Mam chyba kłopot z grą na blindach. Są jakies artykóły, może jakieś wskazówki bo chyba na BB to juz mała katastrofa.
Każdy na blindach jest na - minus
Ostatnio gdy spojrzałem na swój bilans na blindach to się tak przeraziłeś, że postanowiłem więcej tam nie zaglądać
PT ma natomiast fajny filtr - bilans na blindach ale z pominięciem tego, co musiałeś włożyć (nie miałeś wyboru). Czyli nie liczy włożonych blindów jeśli nie dopłaciłeś nic więcej. Jeśli z tego jesteś na plus lub rozsądny minus, to nie ma się czym przejmować.
imo na sb zbyt duzo dokladasz - masz vpip >30%. potem po flopie grasz bez pozycji, nawet jak trafisz monstera to niekoniecznie uda Ci sie wyciagnac maks. Graj bardziej tight i agresywniej.
Wow! Co za mądra rada! Równie dużo mówiąca i odkrywcza, jak to, że samochodem się jedzie szybciej niż koniem.. no, ale po pewnym czasie to koń jest "lepszy", bo samochód może nie mieć paliwa.
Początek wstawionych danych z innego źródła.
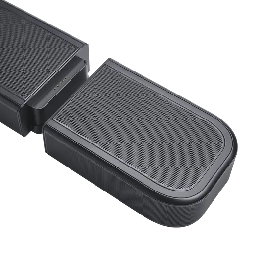 Odstranljiva brezžična zvočnika enostavno postavite za seboj in ustvarite pravi surround učinek brez napeljave kablov. Ko jih ne potrebujete, se ponovno namestita na soundbar in polnita.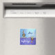 Animal Parade Holiday Giraffe est en train de se faire festive tout décoré dans un chapeau de Père Noël rouge et une couronne de saint vacances de l'avant et du dos avec des arrière - plans bleus texturés. Marquez votre lave-vaisselle propre (têtes) ou sale (queues) et ne jamais être confondu à nouveau sur votre cycle de lavage de vaisselle.

Zatem trzeba odważnie i rozważnie wybierać środek transportu zależnie od warunków.
Do do gry na blindach, to jest to niewątpliwie jedna z bardziej skomplikowanych kwestii, tzn. chcąc kraść i bronić blindów trzeba będzie często stawać w problematycznych sytuacjach.
Wg. mnie nic tak nie szkoli jak dosiadanie się do pojedynczego gracza lub czekanie na pustym stole aż ktoś się przysiądzie.
Resztę trzeba po prostu wyczuć, zależnie od przeciwnika i tego, co sobą reprezentuje. Takie sytuacje będą się później powtarzać przy grze na pełnych stołach.
Poza tym w przypadku graczy ze stealem poniżej 20% raczej należy unikać agresywnej obrony bez rozwojowych kart. Aresnału rozwojowych kart na blindach uczymy się grając we 2-3 osoby.
Edit: właśnie zauważyłem, że ten koleś wyżej to jakiś cholerny spamer bez pojęcia. No tak.. dzisiaj czwartek, więc wiadomo o co chodzi. Tylko po co robić z siebie błazna pisząc 20 bezwartościowych postów jednego dnia!